Danièle Henkel a partagé son rôle de proche aidante auprès de sa mère, l’épuisement qu’elle a subi et la pression qu’elle a eue pour la placer en institution.

«On me disait: “Mme Henkel, c’est assez. Vous devez penser à vous et vos enfants.” Je trouvais ça épouvantable que l’on me demande de placer celle qui m’a donné la vie», se souvient la femme d’affaires. Elle propose, en échange, de prioriser l’entraide en collectivité et aux entreprises de reconnaître le rôle de proche aidant.

«Est-ce qu’autour de moi, quelqu’un a besoin de mon temps? On peut tendre la main, chacun notre tour, souligne-t-elle. Autant que l’on donne des congés parentaux, autant on devrait être capable de donner des congés payés pour des proches aidants.»

Gregory Charles a, pour sa part, confié que sa mère a reçu un diagnostic d’Alzheimer il y a 14 ans. «Je vous avoue que je n’avais aucune espèce d’idée de ce que c’était.

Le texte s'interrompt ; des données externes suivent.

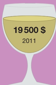
Шато Икем 1787
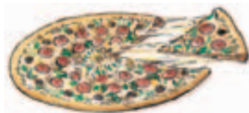
5. una pizza
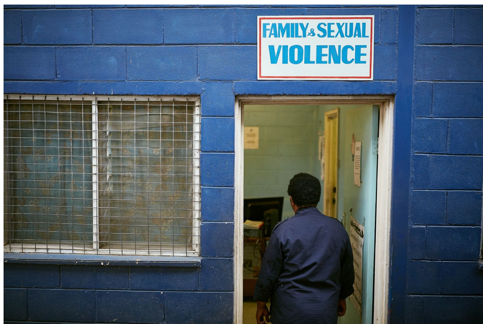
En Papouasie-Nouvelle-Guinée, Marie* enquête sur des crimes basés sur le genre.

faisant appliquer les mesures d'endiguement du coronavirus, avec l'installation de postes de contrôle et la mise en place des quarantaines et des couvre-feux 20 . De même, dans les secteurs où les femmes cisgenres et transgenres sont sur-représentées, comme le travail domestique et la santé, elles ont observé une forte augmentation des violences 21 , tout comme les travailleuses migrantes, isolées avec leurs employeurs et dans l'incapacité de contacter leurs familles et leurs cercles de soutien 22 .
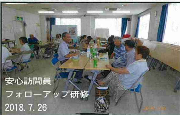
安心訪問員 フォローアップ研修 2018. 7. 26
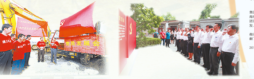
↑ 在“5.12”抗震救灾现场，集团建设者“火线入党”。集团充分发挥一线党组织战斗堡垒作用和党员先锋模范作用，圆满完成了各项建设任务。
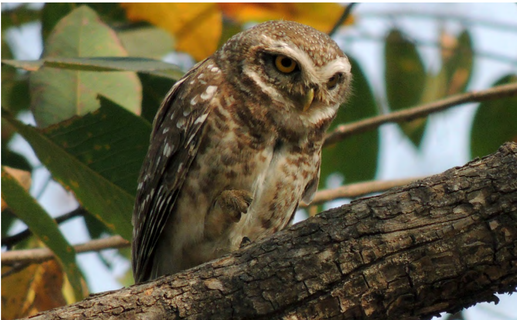
Spotted Owlet.

Spotted Owlet Athene brama 1 seen in Nameri 8/4, 3 seen in one tree in Nameri 9/4, 1 seen daily in Kaziranga 19-21/4, and 1 seen in Bandhavgarh 26/4. ( indica )
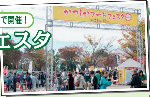
【担当課】 商工振興課
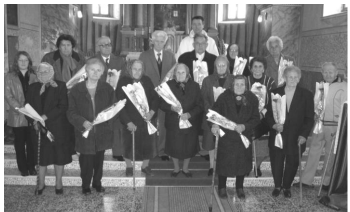
...és nyolcvan fölöttiek az oltár előtt
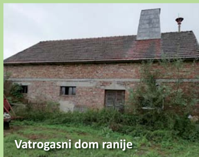
Vatrogasni dom ranije
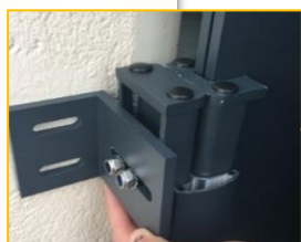
Butée de réception et butée de centrage côté fermeture du portail

ATTENTION CE N'EST PAS LA LARGEUR DU PORTAIL
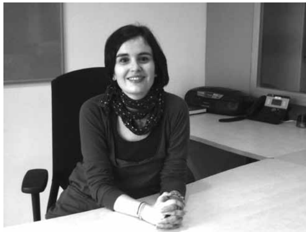
Mun tsa Vilamitjana

En canvi, l'assetjament per raó de sexe es dona quan s'atempta contra la dignitat d'una persona mitjançant la realització de conductes negatives en base al sexe i a l'adscripció social que aquest té. Alguns exemples serien la diferència salarial en una mateixa empresa per a persones que fan les mateixes tasques, però de diferent sexe o el tractament ofensiu que reben alguns treballadors homes quan realitzen feines històricament vinculades a dones, com el cas dels infermers.
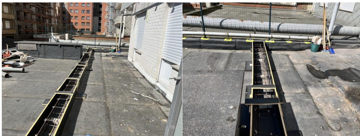
Bekisting en wapeningskorf zijn geplaatst, maar wapeningskorf dient nog verstevigd te worden ...

Eerder gemaakte opmerkingen door de aannemer te bevestigen dat ze uitgevoerd of aangepast werden.
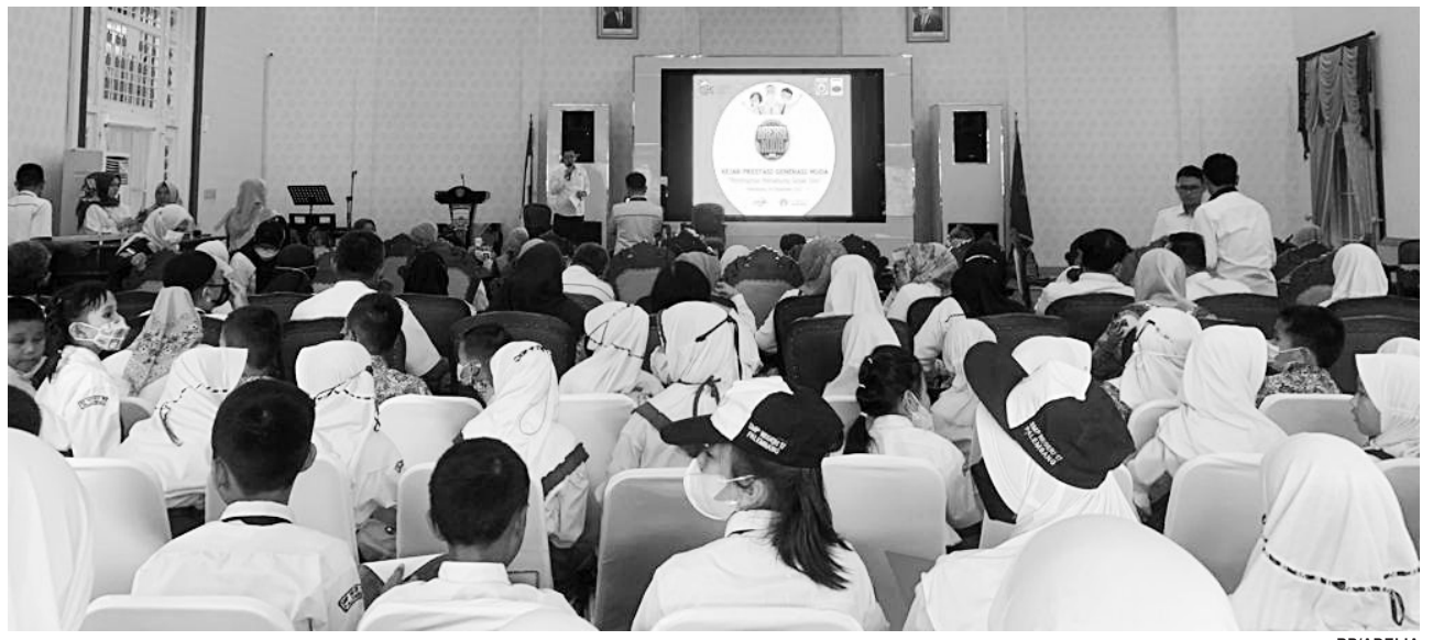
SOSIALISASI - Optimalisasi program satu rekening satu pelajar di Kota Palembang.

Penyetoran dapat dilakukan secara berkala dan rutin per pekan atau perbulan. Dimana setiap seminggu atau sebulan sekali, bank terkait akan mencatatkan setoran pelajar di
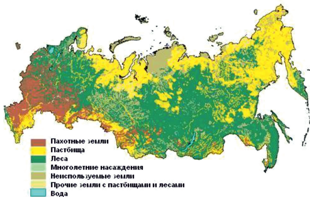
Рис. 1. Использование земель в России [8]
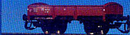
Niederbordwagen der DB (Epoche III)
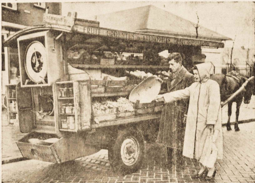
Nors Kanados miestai ir miesteliai pilni pilnų gėrybių, persipildyti krautuvų, bet čia patarnavimas žmonėms yra toks paslaugus, kad tiesiog į namus atveža visokios rūšies maistą. Atvaizde, paimtame iš Toronto „Telegraph“, matome didžiulį, arklio vežamą vežimą, kuriame prie kiekvieno namo durų šeimininkės gali pasirinkti visokių vaisių, daržovių ir tt.

Sekantiame NL numery bus skyriai: Mestas kaulas, del kurio riejamasi; Dar apie VLIKo atstovo paskyrimą; Pažiūrėkime, kas šiandien lietuvių tarpe darosi; Ką mums duoda vokiečių lietuvių bičiulių draugija? Magiškas žodis taktika ir kt.
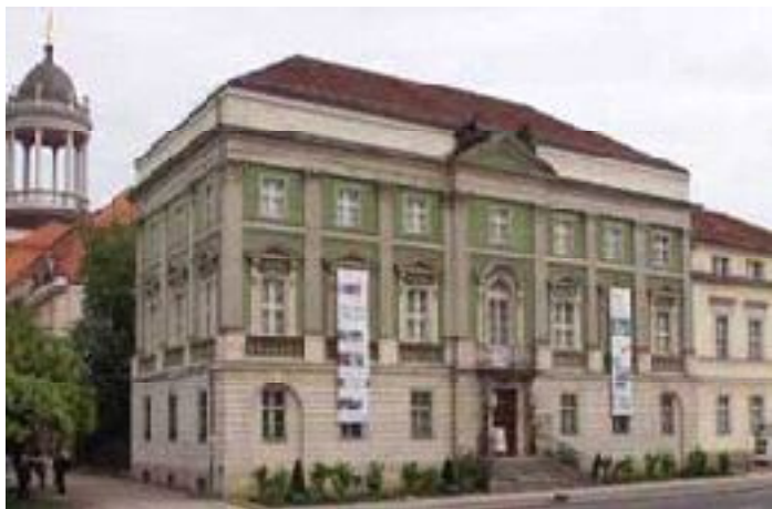
Das Naturkundemuseum Potsdam in der Breiten Straße
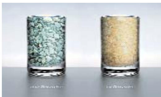
Die Inhaltsstoffe in Denseo Fee durchdringen die Molekularstruktur der Keramik, schaffen so eine höhere Dichte und steigern damit die gesamte Stabilität der Verblendkeramik.
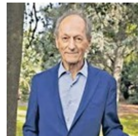
Pr Michael Marmot.

"Faire face aux inégalités de santé en Île-de-France : que nous apprennent les expériences britanniques et québécoises ?"
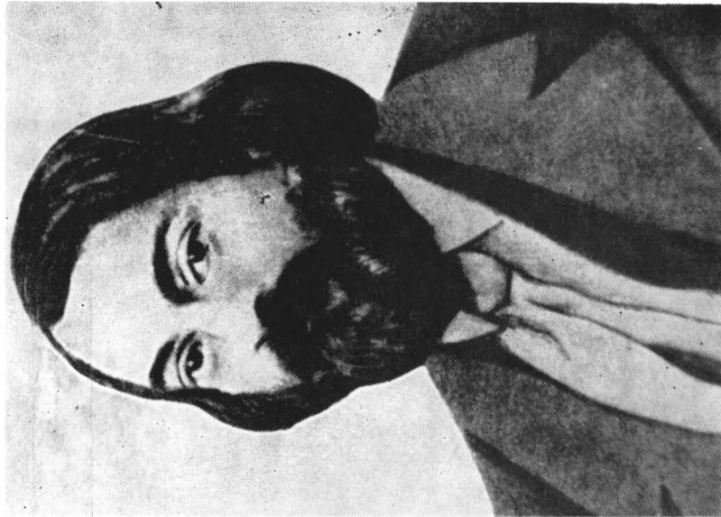
C. A. Rosetti (1816—1885)
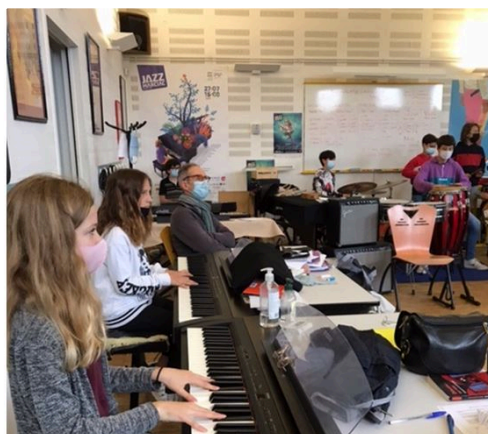
concert marciac ecole eleves.JPG
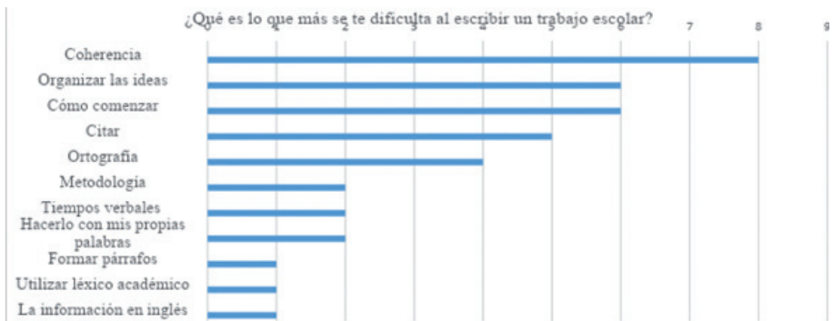
Figura 2. Principales dificultades que presentan los estudiantes al escribir un trabajo escolar

En la pregunta número cinco del ejercicio uno, “¿Qué es lo que más se te dificulta al escribir un trabajo escolar?”, las principales respuestas que se obtuvieron son: “lograr que el texto tenga coherencia”, “organizar las ideas” y “cómo comenzar el texto”, siendo la coherencia el rubro con mayor frecuencia como se muestra en la figura 2. Otras respuestas frecuentes fueron “cómo citar” y “la ortografía”, siendo la referenciación de las fuentes, la inclusión del discurso referido y el seguimiento de reglas ortográficas, elementos que representan cierto grado de dificultad en la elaboración de un texto académico.
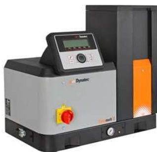
Dynamelt® S 5/10/22/45 кг 2-4-6 выхода
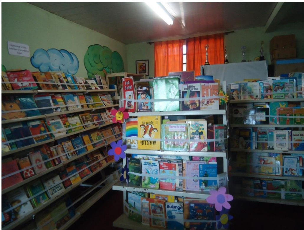
Fig 16 = Estantes junto da parede
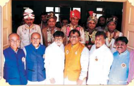
वरराजओ साथे महाजनना पदाधिकारीओ
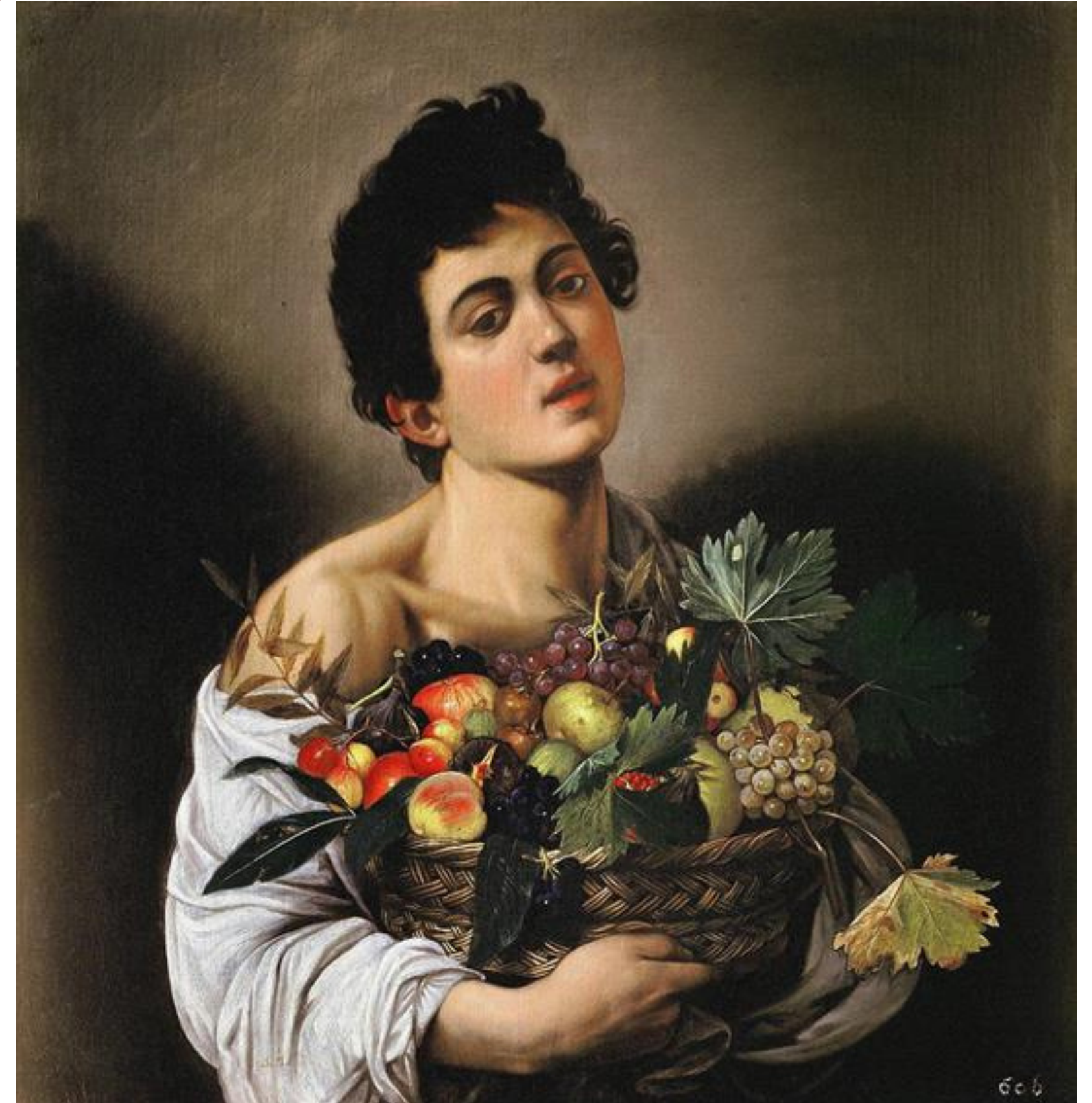
Caravaggio, Garçon avec un panier de fruits, 1593, huile sur toile, 70 x 67 cm, Rome, Galleria Borghese
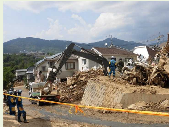
③ 損壊した家屋等の解体、 がれきの収集・運搬及び処分

Je croyais que ma mère continuerait d’être sur mon cas éternellement», lance-t-il à la blague.

À l’époque, son père a pris sa retraite plus rapidement que prévu, afin de se consacrer à son épouse. «Il y a quelques semaines, il a reçu le même diagnostic», laisse-t-il tomber devant une salle comble de proches aidants et d’intervenants auprès d’aînés.

« Pas assez d’amour »

À son tour proche aidant, il estime que le manque d’amour dans la société d’aujourd’hui est l’un des principaux obstacles à la reconnaissance des proches aidants.

«Ça tourne autour de notre capacité d’aimer quelqu’un d’autre – presque, sinon plus – que de s’aimer soi-même», fait-il valoir.

Les deux personnalités ont livré ces témoignages lors d’une discussion sur les actions à poser pour valoriser et soutenir les proches aidants d’aînés.

Ils étaient en compagnie de Patrick Marier, directeur scientifique du Centre de recherche et d’expertise en gérontologie sociale (CREGÉS) et de Raynald Brière, président et chef de la direction RNC Médias.